## [Study material]
◆ ◆ ◆ ◆ ◆

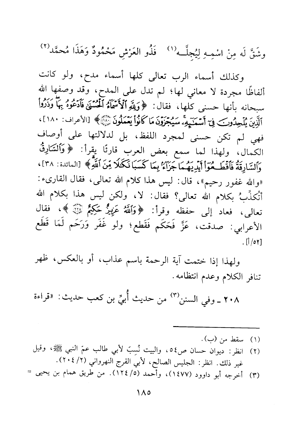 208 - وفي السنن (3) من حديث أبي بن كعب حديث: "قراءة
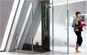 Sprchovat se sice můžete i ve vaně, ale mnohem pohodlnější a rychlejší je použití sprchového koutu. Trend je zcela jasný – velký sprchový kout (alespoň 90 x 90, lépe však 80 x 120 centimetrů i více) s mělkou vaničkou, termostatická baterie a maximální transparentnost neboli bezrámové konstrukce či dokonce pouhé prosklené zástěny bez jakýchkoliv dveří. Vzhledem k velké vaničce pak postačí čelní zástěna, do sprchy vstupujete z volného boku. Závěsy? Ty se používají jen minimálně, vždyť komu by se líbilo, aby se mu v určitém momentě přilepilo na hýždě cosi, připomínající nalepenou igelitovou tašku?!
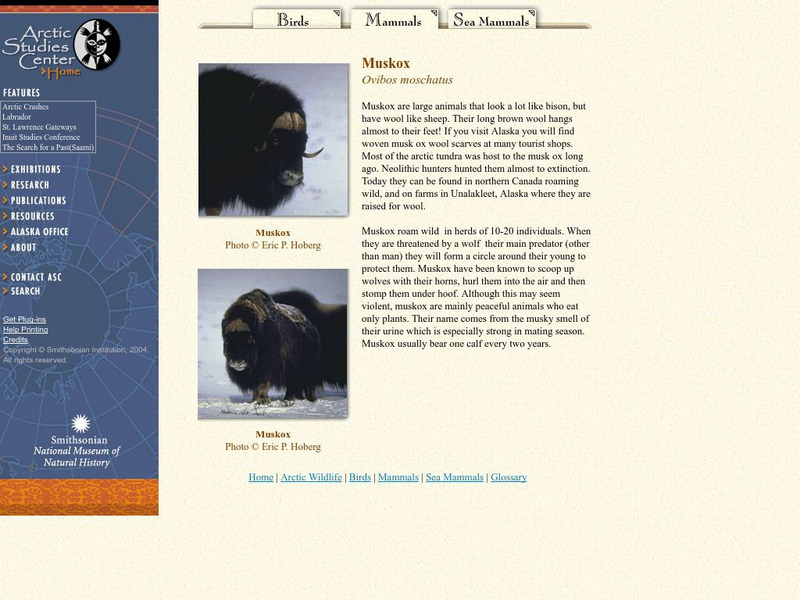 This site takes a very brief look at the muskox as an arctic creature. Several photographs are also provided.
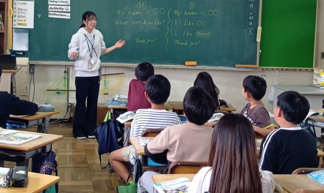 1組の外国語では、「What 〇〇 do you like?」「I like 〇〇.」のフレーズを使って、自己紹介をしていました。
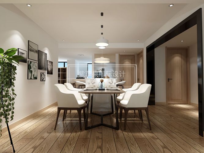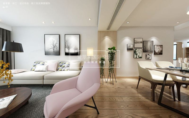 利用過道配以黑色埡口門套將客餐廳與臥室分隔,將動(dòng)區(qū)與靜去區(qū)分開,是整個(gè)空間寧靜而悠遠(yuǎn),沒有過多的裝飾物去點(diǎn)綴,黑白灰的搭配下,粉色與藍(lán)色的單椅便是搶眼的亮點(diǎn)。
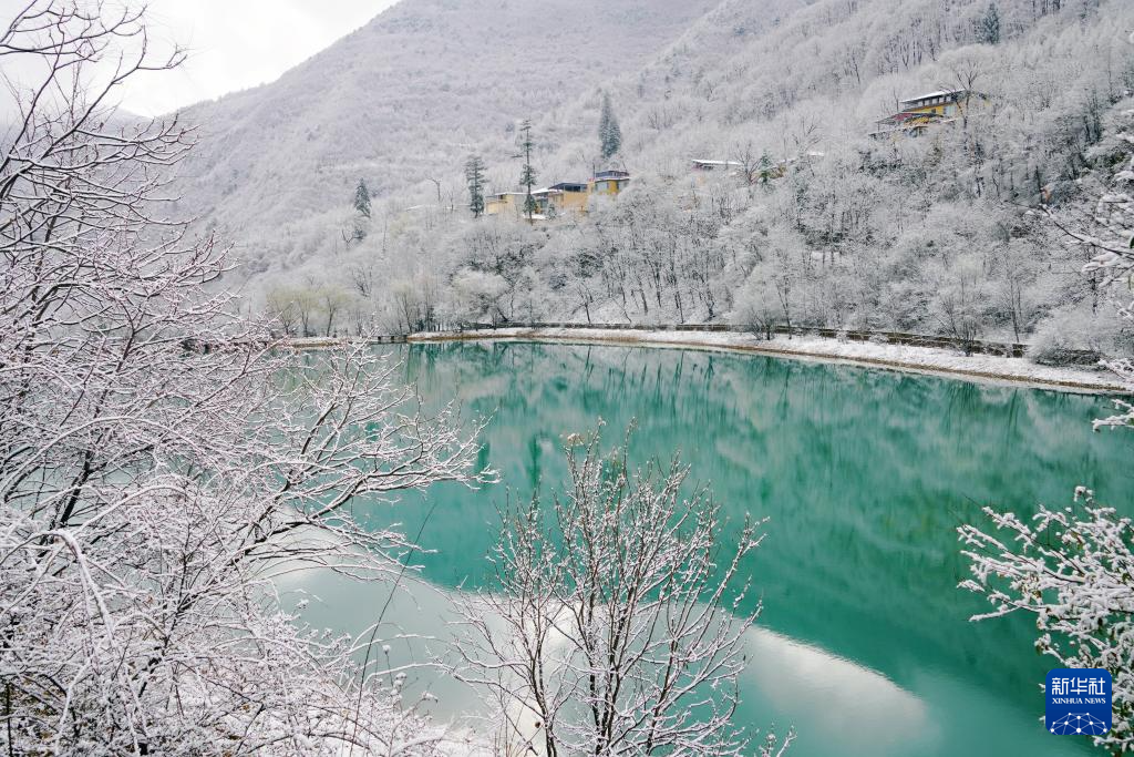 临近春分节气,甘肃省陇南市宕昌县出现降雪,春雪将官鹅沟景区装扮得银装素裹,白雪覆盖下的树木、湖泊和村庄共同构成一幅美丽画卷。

◆ ◆ ◆ ◆ ◆

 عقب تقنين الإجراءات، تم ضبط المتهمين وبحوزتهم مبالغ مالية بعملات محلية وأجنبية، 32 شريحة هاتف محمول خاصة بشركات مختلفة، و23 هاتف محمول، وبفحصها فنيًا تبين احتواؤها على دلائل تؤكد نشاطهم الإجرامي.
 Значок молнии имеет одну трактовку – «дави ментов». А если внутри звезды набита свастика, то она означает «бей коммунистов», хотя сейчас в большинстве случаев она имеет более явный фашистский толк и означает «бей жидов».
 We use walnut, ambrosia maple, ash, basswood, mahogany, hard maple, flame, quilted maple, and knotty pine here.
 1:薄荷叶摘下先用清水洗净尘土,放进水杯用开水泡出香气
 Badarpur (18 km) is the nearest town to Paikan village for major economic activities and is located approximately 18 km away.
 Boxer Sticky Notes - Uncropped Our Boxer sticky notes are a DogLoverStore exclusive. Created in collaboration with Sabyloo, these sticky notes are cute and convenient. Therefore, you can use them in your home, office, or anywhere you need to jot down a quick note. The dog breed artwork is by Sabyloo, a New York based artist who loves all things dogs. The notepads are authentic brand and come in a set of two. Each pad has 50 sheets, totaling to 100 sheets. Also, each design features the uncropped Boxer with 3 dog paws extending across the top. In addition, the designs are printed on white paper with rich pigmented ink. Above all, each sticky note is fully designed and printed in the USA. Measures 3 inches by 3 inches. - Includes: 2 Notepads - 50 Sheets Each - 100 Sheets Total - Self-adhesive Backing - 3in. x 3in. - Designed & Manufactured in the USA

◆ ◆ ◆ ◆ ◆

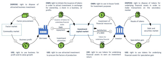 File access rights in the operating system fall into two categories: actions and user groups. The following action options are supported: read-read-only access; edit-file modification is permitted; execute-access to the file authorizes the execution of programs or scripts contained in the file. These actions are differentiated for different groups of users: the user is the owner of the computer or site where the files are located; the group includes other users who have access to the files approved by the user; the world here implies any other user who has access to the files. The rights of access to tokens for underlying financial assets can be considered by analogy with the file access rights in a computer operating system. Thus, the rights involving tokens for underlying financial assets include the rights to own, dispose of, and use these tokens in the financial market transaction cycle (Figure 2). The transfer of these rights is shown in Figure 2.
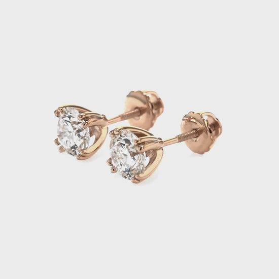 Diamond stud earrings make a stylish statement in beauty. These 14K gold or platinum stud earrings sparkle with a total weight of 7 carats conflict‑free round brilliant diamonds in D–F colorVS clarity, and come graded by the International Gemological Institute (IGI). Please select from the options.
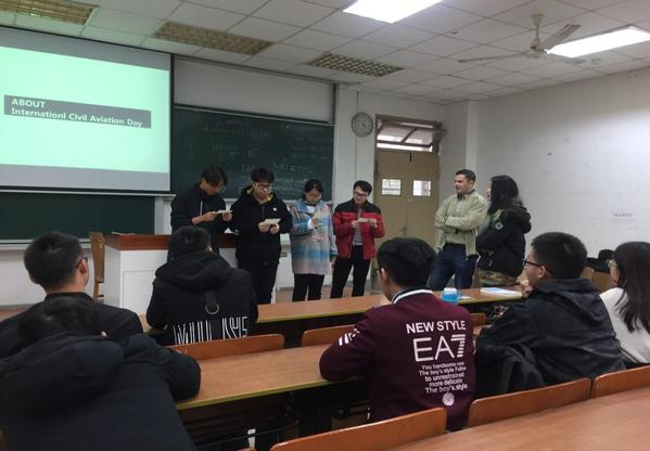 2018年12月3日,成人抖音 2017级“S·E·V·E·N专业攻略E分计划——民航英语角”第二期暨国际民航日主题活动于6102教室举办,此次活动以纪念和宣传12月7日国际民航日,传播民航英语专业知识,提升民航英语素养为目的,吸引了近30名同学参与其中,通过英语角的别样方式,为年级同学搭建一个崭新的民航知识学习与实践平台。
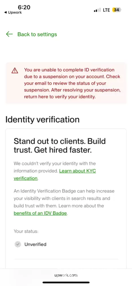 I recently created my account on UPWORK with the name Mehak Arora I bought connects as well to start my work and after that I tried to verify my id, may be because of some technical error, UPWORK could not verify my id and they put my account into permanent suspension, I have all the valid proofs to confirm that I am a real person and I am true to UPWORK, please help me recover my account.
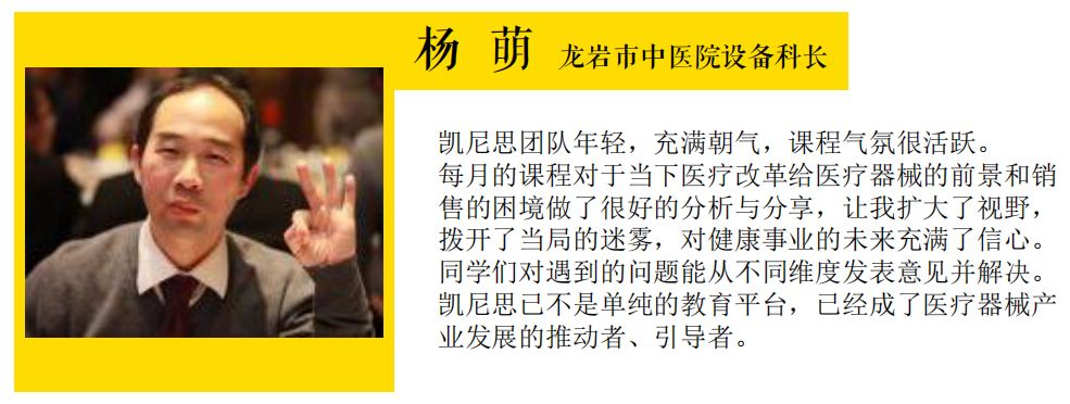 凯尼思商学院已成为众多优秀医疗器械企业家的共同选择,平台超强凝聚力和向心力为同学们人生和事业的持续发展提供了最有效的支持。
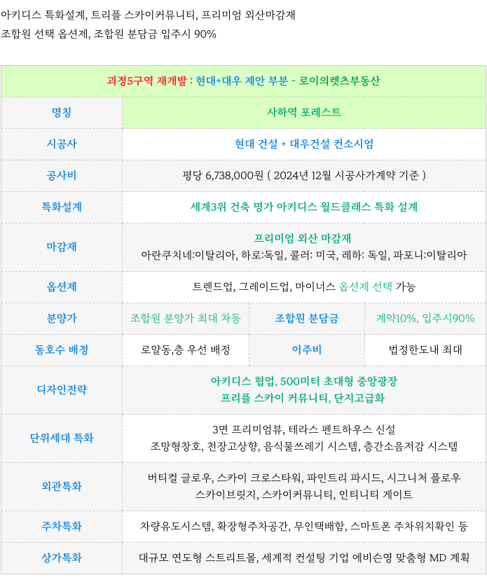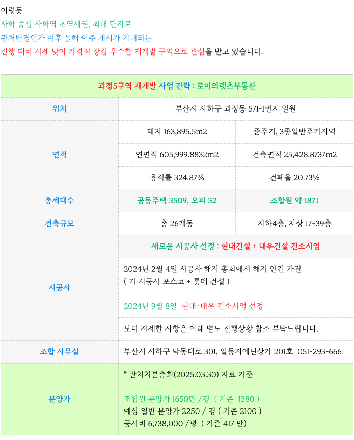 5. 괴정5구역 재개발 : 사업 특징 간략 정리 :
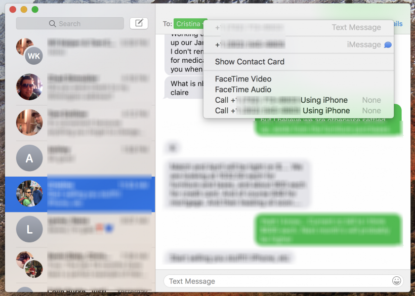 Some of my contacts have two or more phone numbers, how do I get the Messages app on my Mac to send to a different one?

◆ ◆ ◆ ◆ ◆

## [Task objective]
Everything starting at the line containing "عقب تقنين الإجراءات،" and ending at the line containing "1:薄荷叶摘下先用清水洗净尘土,放进水杯用开水泡出香气" in the records above should be repeated exactly, and only that.

## [Result below]
 عقب تقنين الإجراءات، تم ضبط المتهمين وبحوزتهم مبالغ مالية بعملات محلية وأجنبية، 32 شريحة هاتف محمول خاصة بشركات مختلفة، و23 هاتف محمول، وبفحصها فنيًا تبين احتواؤها على دلائل تؤكد نشاطهم الإجرامي.
 Значок молнии имеет одну трактовку – «дави ментов». А если внутри звезды набита свастика, то она означает «бей коммунистов», хотя сейчас в большинстве случаев она имеет более явный фашистский толк и означает «бей жидов».
 We use walnut, ambrosia maple, ash, basswood, mahogany, hard maple, flame, quilted maple, and knotty pine here.
 1:薄荷叶摘下先用清水洗净尘土,放进水杯用开水泡出香气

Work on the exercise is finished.